- **DATA PROVIDED**
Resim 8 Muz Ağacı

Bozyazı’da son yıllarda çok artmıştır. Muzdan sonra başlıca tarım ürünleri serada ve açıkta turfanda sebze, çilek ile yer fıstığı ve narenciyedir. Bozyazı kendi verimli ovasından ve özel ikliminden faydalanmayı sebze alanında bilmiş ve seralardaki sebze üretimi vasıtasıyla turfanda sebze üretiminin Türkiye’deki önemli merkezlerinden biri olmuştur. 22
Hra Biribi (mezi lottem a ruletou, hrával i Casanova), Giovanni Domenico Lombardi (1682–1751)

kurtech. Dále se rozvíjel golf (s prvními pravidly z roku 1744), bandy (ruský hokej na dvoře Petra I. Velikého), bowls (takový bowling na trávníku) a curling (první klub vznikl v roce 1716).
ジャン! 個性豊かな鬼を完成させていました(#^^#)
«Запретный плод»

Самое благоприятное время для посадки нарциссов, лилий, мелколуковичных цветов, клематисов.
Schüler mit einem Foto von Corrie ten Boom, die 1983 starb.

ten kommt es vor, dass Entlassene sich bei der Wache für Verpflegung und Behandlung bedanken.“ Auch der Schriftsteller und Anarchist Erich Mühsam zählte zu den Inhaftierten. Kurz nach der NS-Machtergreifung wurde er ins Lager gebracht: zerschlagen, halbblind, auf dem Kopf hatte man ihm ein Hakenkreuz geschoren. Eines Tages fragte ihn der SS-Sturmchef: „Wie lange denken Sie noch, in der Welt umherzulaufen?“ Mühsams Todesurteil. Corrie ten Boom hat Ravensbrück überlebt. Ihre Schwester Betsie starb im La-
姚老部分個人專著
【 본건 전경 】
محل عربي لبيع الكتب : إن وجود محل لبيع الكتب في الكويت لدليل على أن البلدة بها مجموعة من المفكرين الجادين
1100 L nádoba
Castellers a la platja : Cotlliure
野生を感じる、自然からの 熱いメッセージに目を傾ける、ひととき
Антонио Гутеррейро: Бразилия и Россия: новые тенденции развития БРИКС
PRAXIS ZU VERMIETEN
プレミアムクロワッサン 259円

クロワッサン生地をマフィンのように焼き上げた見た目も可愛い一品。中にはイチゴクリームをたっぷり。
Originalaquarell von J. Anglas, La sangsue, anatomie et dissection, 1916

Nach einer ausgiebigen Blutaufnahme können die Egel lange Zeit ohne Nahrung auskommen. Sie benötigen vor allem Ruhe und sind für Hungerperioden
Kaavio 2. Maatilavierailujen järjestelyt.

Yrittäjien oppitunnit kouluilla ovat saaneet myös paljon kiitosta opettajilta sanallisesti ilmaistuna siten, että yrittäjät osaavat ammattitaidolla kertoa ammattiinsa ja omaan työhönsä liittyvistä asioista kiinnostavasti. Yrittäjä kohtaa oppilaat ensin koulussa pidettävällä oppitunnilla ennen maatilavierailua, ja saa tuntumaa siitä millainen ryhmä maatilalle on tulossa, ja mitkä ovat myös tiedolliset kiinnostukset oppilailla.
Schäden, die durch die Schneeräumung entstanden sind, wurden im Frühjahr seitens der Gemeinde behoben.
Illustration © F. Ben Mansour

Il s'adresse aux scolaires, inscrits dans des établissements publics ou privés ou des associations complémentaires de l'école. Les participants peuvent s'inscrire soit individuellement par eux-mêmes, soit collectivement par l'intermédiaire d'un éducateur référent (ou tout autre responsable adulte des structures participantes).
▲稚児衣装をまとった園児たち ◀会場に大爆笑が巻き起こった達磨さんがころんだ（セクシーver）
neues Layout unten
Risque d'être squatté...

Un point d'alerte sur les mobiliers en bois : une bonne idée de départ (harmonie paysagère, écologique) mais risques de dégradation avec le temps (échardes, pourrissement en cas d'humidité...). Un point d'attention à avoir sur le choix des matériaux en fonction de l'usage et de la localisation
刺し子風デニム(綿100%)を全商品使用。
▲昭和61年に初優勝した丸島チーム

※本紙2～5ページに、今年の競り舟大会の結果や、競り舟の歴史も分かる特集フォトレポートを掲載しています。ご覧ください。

- **PROMPT**
Where the string "Boom" appears in a line of the listing, copy that line.

- **RESPONSE TO THIS TASK**
Schüler mit einem Foto von Corrie ten Boom, die 1983 starb.
ten kommt es vor, dass Entlassene sich bei der Wache für Verpflegung und Behandlung bedanken.“ Auch der Schriftsteller und Anarchist Erich Mühsam zählte zu den Inhaftierten. Kurz nach der NS-Machtergreifung wurde er ins Lager gebracht: zerschlagen, halbblind, auf dem Kopf hatte man ihm ein Hakenkreuz geschoren. Eines Tages fragte ihn der SS-Sturmchef: „Wie lange denken Sie noch, in der Welt umherzulaufen?“ Mühsams Todesurteil. Corrie ten Boom hat Ravensbrück überlebt. Ihre Schwester Betsie starb im La-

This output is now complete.